(Data records)
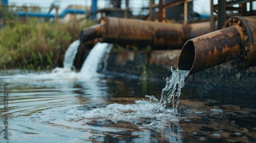 Rusty industrial pipes discharging wastewater into a nearby river, highlighting environmental pollution. Water contamination and environmental hazard evident in the scene
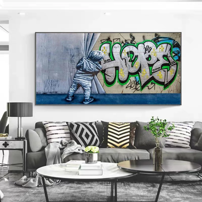 За занавеской картины на холсте граффити уличное искусство Граффити Бэнкси Искусство граффити картины на стену для домашнего декора (без рамки)
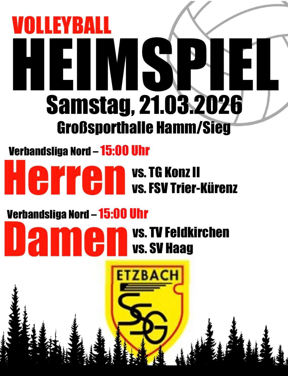 Die Verbandsliga-Volleyballteams der SSG Etzbach sind jeweils in der Fremde gefordert. Sowohl das Frauen- als auch das Männerteam sind verletzungs- und krankheitsbedingt noch gebeutelt. Für die Frauen geht es am Samstag um 18 Uhr an der Saar gegen die TG Konz II. „Trotzdem glaube ich, dass alles drin ist“, so Mannschaftsführerin Janina Gerhards. Die Männer spielen schon zuvor um 12 Uhr beim TV Rengsdorf. Mit einem Sieg könnte die SSG den Gegner überholen.
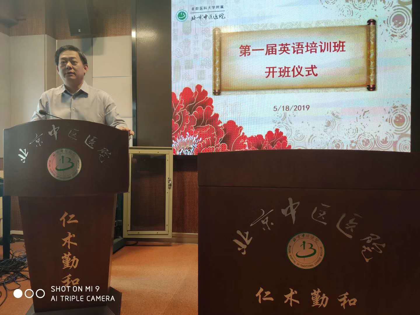 经过两个月的沟通与比较,北京中医医院最终从多家备选机构中选择北京语言大学合作,为其选拔出的临床骨干医生开展中医英语培训。2019年5月18日,在医院多媒体教室举办了第一届英语培训班开班仪式。北京中医医院院长,主任医师刘清泉出席仪式并讲话。
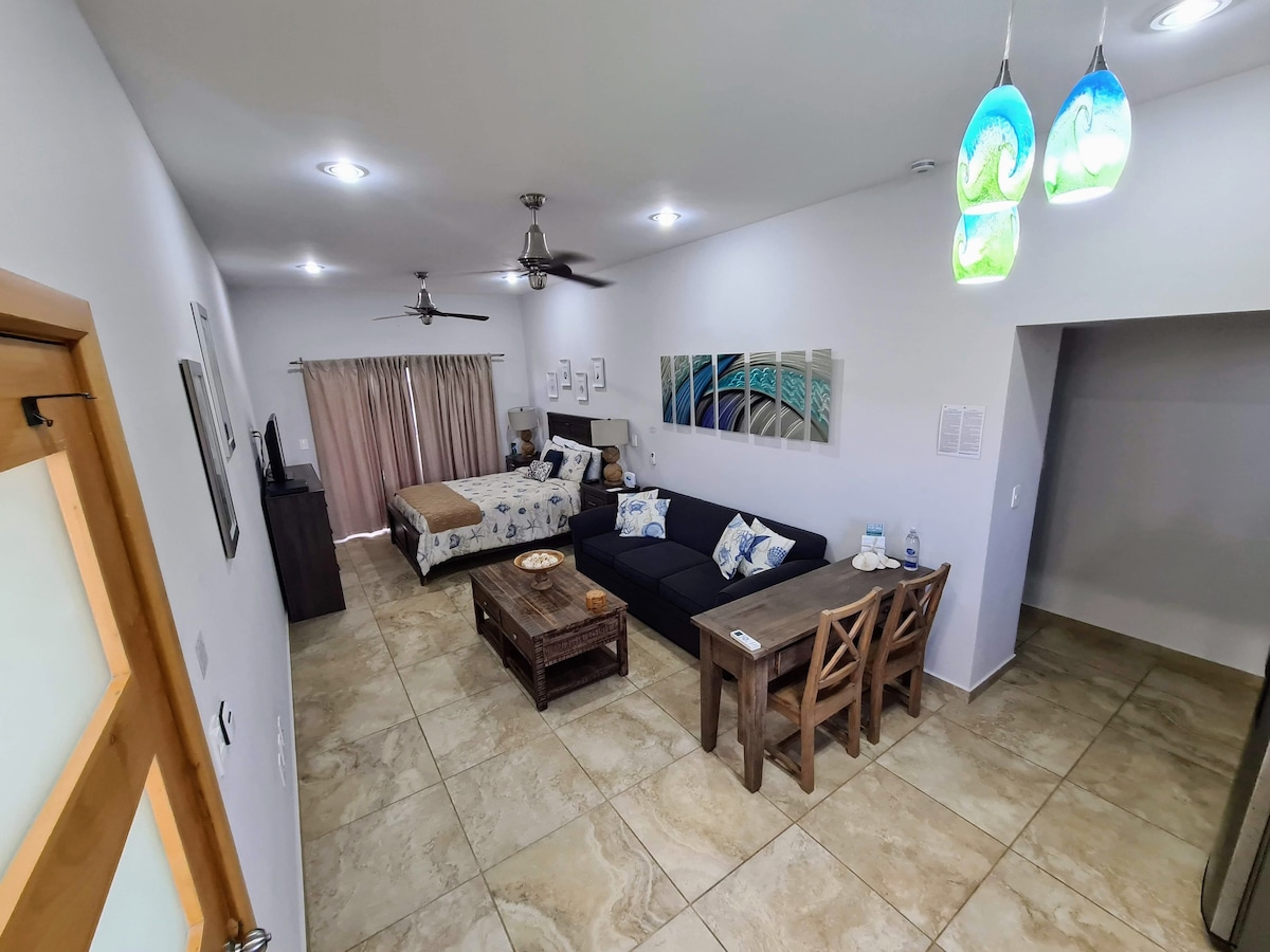 Una unidad privada de 1 dormitorio con cocina, sala de estar y terraza con vistas a la piscina y al mar de Cortés. Mire a mar el dormitorio o la sala de estar, o las ventanas de la cocina. La televisión inteligente de 55 "utiliza la conexión a Internet privada. Un escritorio de altura ajustable en el dormitorio te permite trabajar mientras disfrutas de las vistas de la bahía y la piscina.
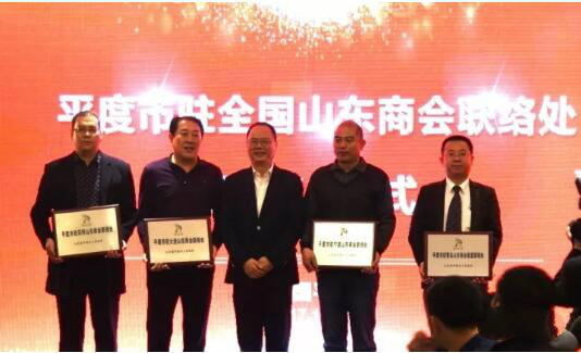 平度市委書記張杰為全國(guó)山東商會(huì)聯(lián)絡(luò)處頒發(fā)牌匾
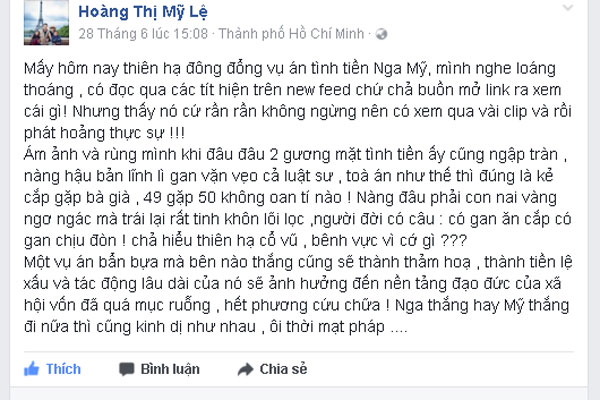 Đồng quan điểm với ca sĩ Tóc Tiên, Mỹ Lệ cũng đồng tình với việc không nên tung hô cổ vũ. Hơn thế, nữ ca sĩ gốc Huế còn thẳng thắn: "Người đời có câu: Có gan ăn cắp có gan chịu đòn. Chẳng hiểu thiên hạ cổ vũ, bênh vực vì cớ gì?".

(Exercise instructions) Please write every line above out exactly as given, except for any pictures.

(Solution to this exercise)
 Rusty industrial pipes discharging wastewater into a nearby river, highlighting environmental pollution. Water contamination and environmental hazard evident in the scene
 За занавеской картины на холсте граффити уличное искусство Граффити Бэнкси Искусство граффити картины на стену для домашнего декора (без рамки)
 Die Verbandsliga-Volleyballteams der SSG Etzbach sind jeweils in der Fremde gefordert. Sowohl das Frauen- als auch das Männerteam sind verletzungs- und krankheitsbedingt noch gebeutelt. Für die Frauen geht es am Samstag um 18 Uhr an der Saar gegen die TG Konz II. „Trotzdem glaube ich, dass alles drin ist“, so Mannschaftsführerin Janina Gerhards. Die Männer spielen schon zuvor um 12 Uhr beim TV Rengsdorf. Mit einem Sieg könnte die SSG den Gegner überholen.
 经过两个月的沟通与比较,北京中医医院最终从多家备选机构中选择北京语言大学合作,为其选拔出的临床骨干医生开展中医英语培训。2019年5月18日,在医院多媒体教室举办了第一届英语培训班开班仪式。北京中医医院院长,主任医师刘清泉出席仪式并讲话。
 Una unidad privada de 1 dormitorio con cocina, sala de estar y terraza con vistas a la piscina y al mar de Cortés. Mire a mar el dormitorio o la sala de estar, o las ventanas de la cocina. La televisión inteligente de 55 "utiliza la conexión a Internet privada. Un escritorio de altura ajustable en el dormitorio te permite trabajar mientras disfrutas de las vistas de la bahía y la piscina.
 平度市委書記張杰為全國(guó)山東商會(huì)聯(lián)絡(luò)處頒發(fā)牌匾
 Đồng quan điểm với ca sĩ Tóc Tiên, Mỹ Lệ cũng đồng tình với việc không nên tung hô cổ vũ. Hơn thế, nữ ca sĩ gốc Huế còn thẳng thắn: "Người đời có câu: Có gan ăn cắp có gan chịu đòn. Chẳng hiểu thiên hạ cổ vũ, bênh vực vì cớ gì?".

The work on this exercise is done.